I had dinner the other night with a fascinating group of folks building AI-enabled products. PMs from companies like
@perplexity_ai and
@harvey__ai, plus engineers and founders. One question kept coming up:
Why haven't incumbent software providers been able to leverage their valuable data assets yet?
Both giants like
@salesforce and growth-stage companies with 10 years of collected data seem to be struggling to deliver truly differentiated AI experiences. Most of us would assume these companies are sitting on data gold mines that should give them a massive advantage. But is that actually true?
One perspective I found compelling: The historical data these companies have collected simply isn't the right kind to make AI models truly effective. The workflow data, outcomes data, or database info they've aggregated over the years might not be as useful as we'd think.

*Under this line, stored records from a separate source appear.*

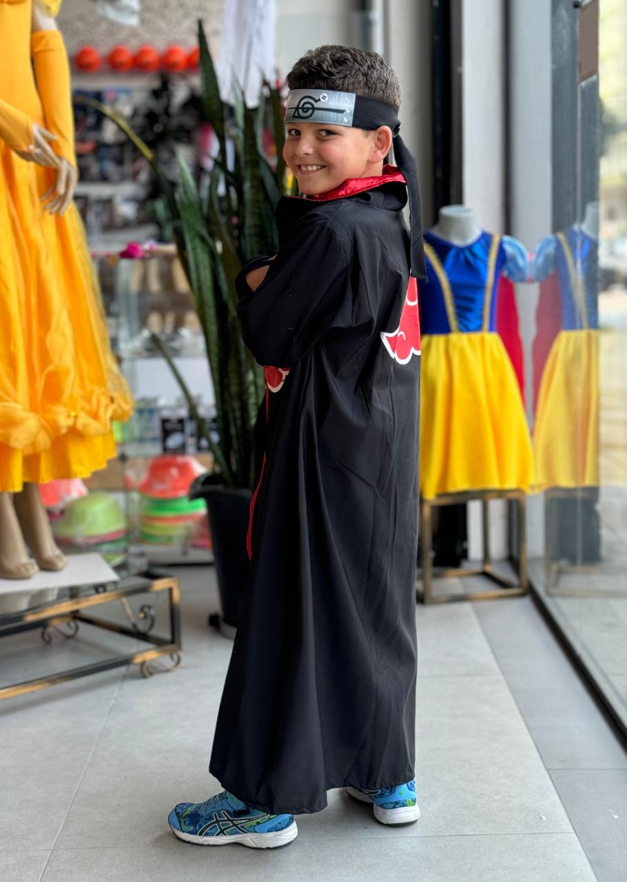 Fantasia Itachi Akatsuki infantil, composta de manto e faixa. Consulte-nos para maiores informações.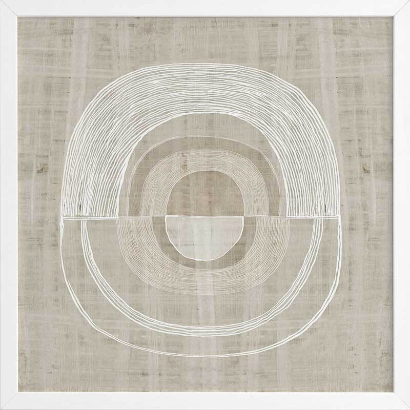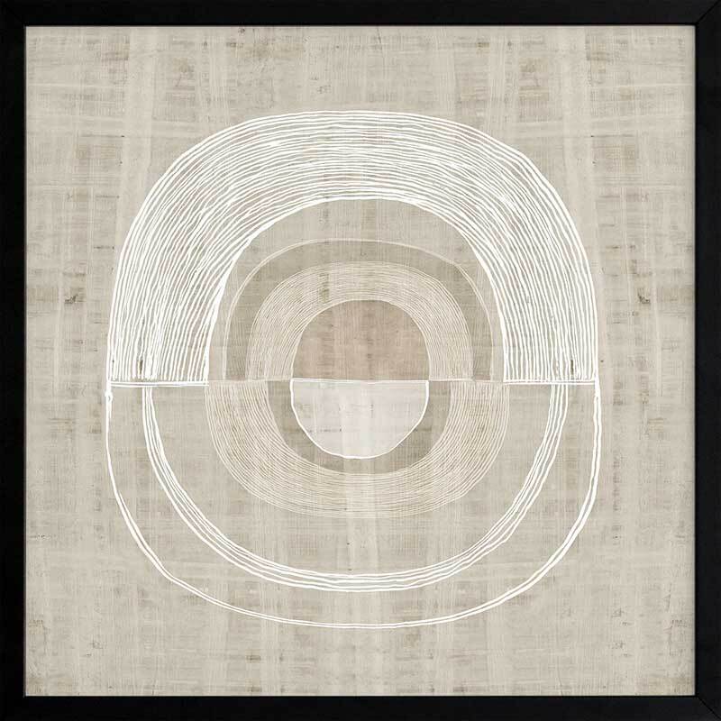 Fawn Sunrise Framed Art Print - Textural and symmetrical, this eye-catching piece shows a circular form filled in with curved line detailing over a thatched textural background in shades of lightest fawn and white. Marvelous in its simplicity, pair with Fawn Sunset for a dramatic wall effect that's effortlessly chic.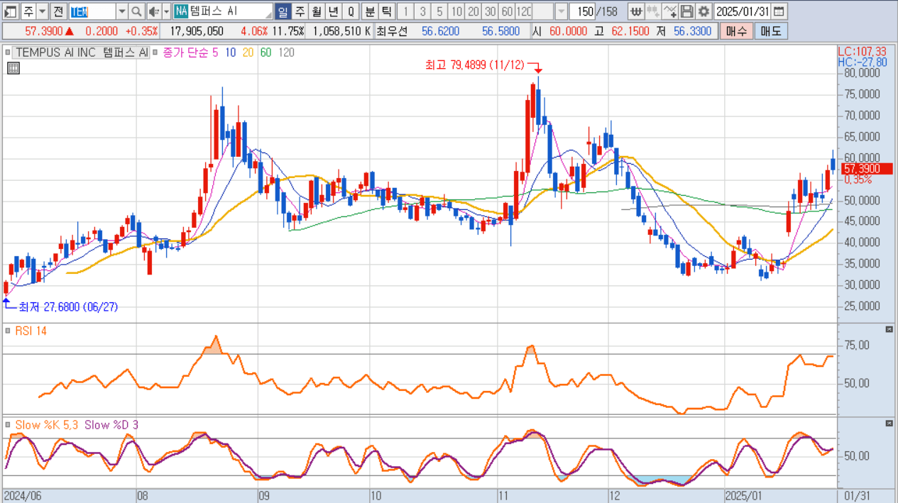 템퍼스 ai 주가는 2월 1일 기준 57달러를 기록하고 있는데 2025년에 들어서며 낸시 펠로시가 투자한 사실이 알려지면서 상승세가 지속되고 있습니다.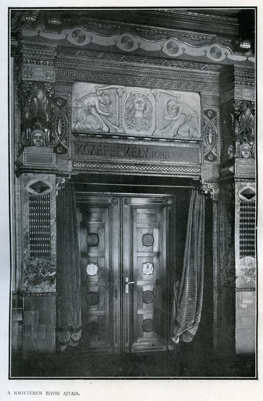 A nagyterem egyik ajtaja. Készítette a Magyar Fém- és Lámpaárugyár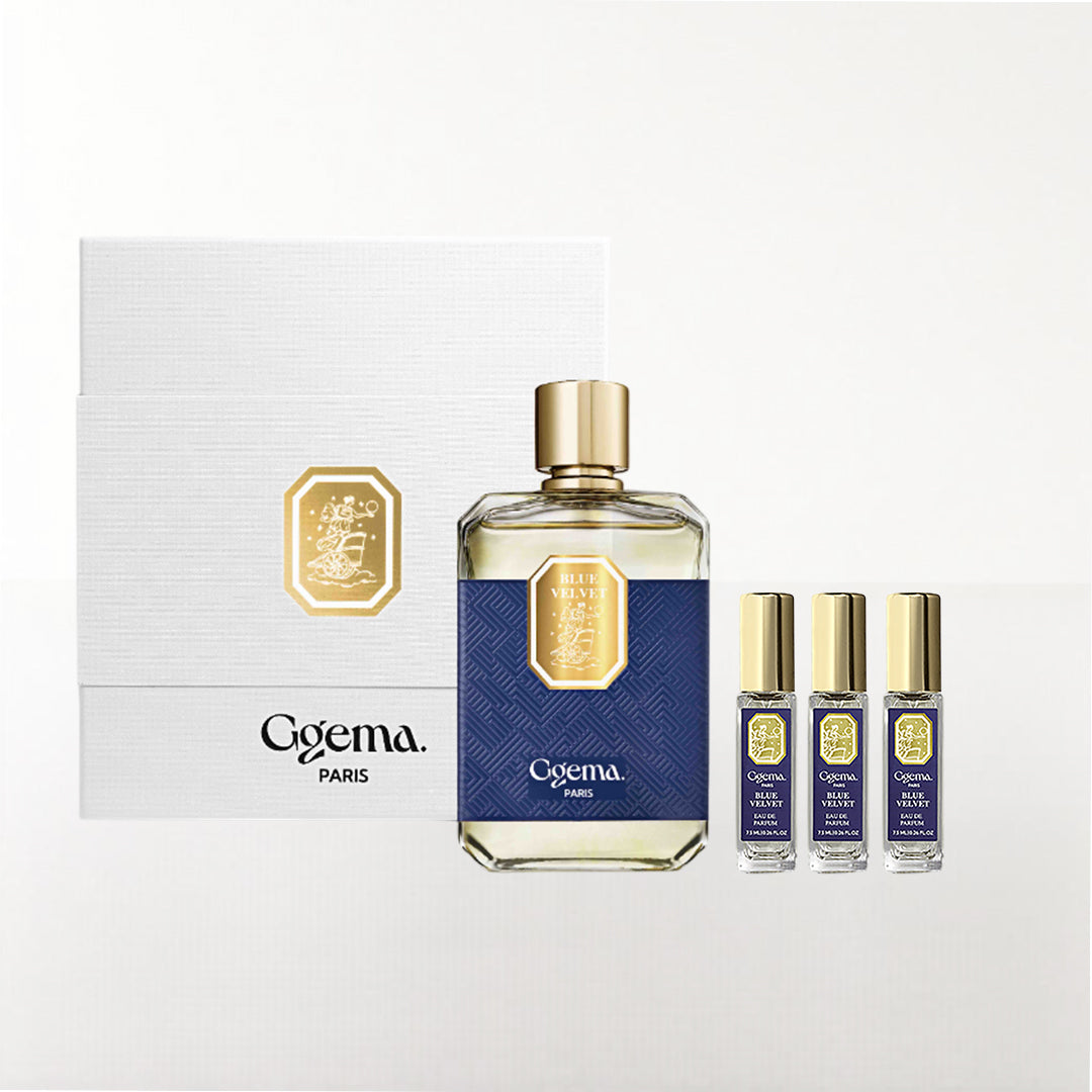 An exclusive gift set featuring one full Blue Velvet bottle(100ml) and one travel sprays of Duke, Crown and Royal Sapphire (7,5ml each).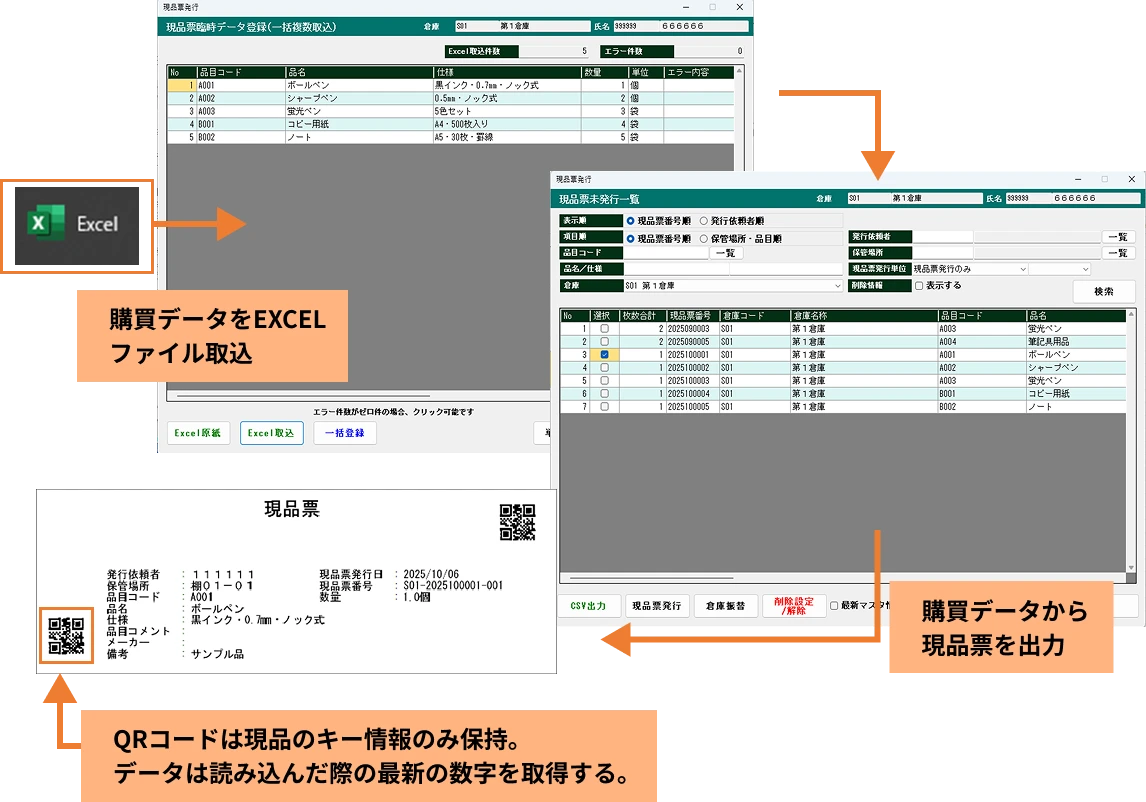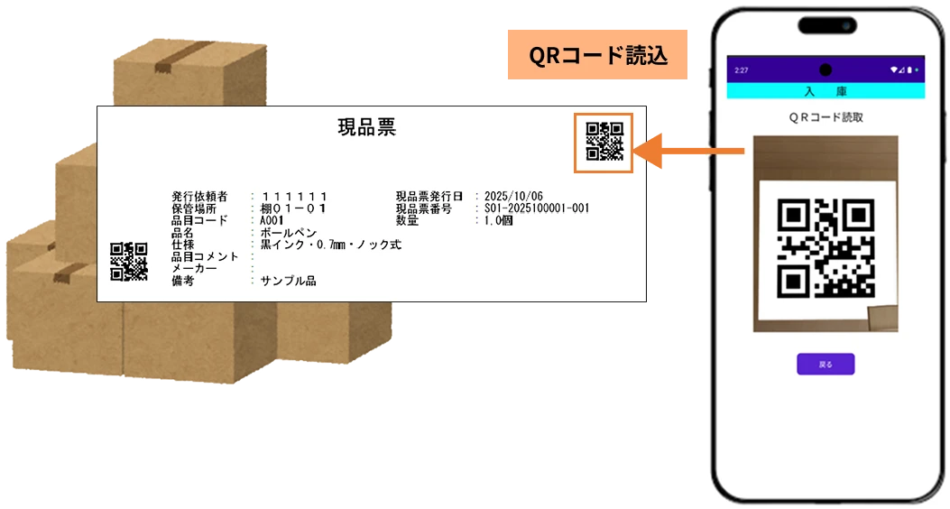 | 入庫処理 | 現品票のQRコードをバーコードリーダーで読込み、入庫処理を行います。 |

What's most valuable in building agentic AI isn't just workflow data or outcomes data—it's a granular understanding of how humans actually perform tasks. This includes all the context switching between applications and even offline activities that traditional software workflows don't capture. The real value is understanding the detailed ontology of how tasks get done so you can replicate that in an agent. AI-native companies are building these task-level datasets from scratch and at the same time incumbents are trying to figure this out—potentially leveling the playing field.
The counter perspective: Incumbents aren't failing; they're just slower. Over the next 12-18 months, we'll see them release AI that delivers differentiated insights thanks to this accumulated data. Their data is valuable; they're just taking longer to leverage it effectively. I don't know which view is right, but both offer interesting frames for thinking about the AI landscape and who might win in the long run.
Curious what you all think—will incumbents' data moats prove valuable, or are AI-native companies starting on more equal footing than we might assume? Which incumbents are starting to leverage their data most effectively?